OmniAuth MPASSid (SAML 2.0)
This is an unofficial OmniAuth strategy for authenticating with the MPASSid
identification service used by comprehensive schools and secondary education
facilities in Finland. This gem is mostly a configuration wrapper around
omniauth-saml which uses
ruby-saml for SAML 2.0 based
authentication implementation with identity providers, such as MPASSid.
The gem can be used to hook Ruby/Rails applications to the MPASSid identification service. It does not provide any strong authorization features out of the box, as it does not know anything about the application users, but those can be implemented using this gem and the data provided by the MPASSid identification responses.
The gem has been developed by Mainio Tech.
The development has been sponsored by the City of Helsinki.
The MPASSid service is owned by the Ministry of the Education and Culture in Finland and operated by CSC - Tieteen tietotekniikan keskus Oy.
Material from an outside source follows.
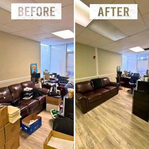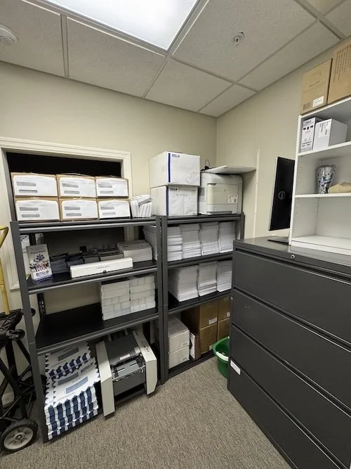 On the second day, we expanded beyond the closets and focused on improving the overall functionality of the space. This included organizing office supplies, reworking the printer room, and helping prepare a back room that will eventually be turned into a break room. We also assisted with relocating furniture based on the designer’s plan and created simple, functional systems within the cabinets in David’s office.

Neither of these parties are related to this gem in any way, nor do they provide technical support for it. Please contact the gem maintainers in case you find any issues with it.
Preparation
In order to start using the MPASSid authentication endpoints, you will need to send a join request to the MPASSid operator for them to configure the identity provider server for your service. Please refer to the MPASSid documentation on how to join the service:
https://wiki.eduuni.fi/display/CSCMPASSID/Testipalveluun+liittyminen
Follow the instructions for the SAML2 protocol.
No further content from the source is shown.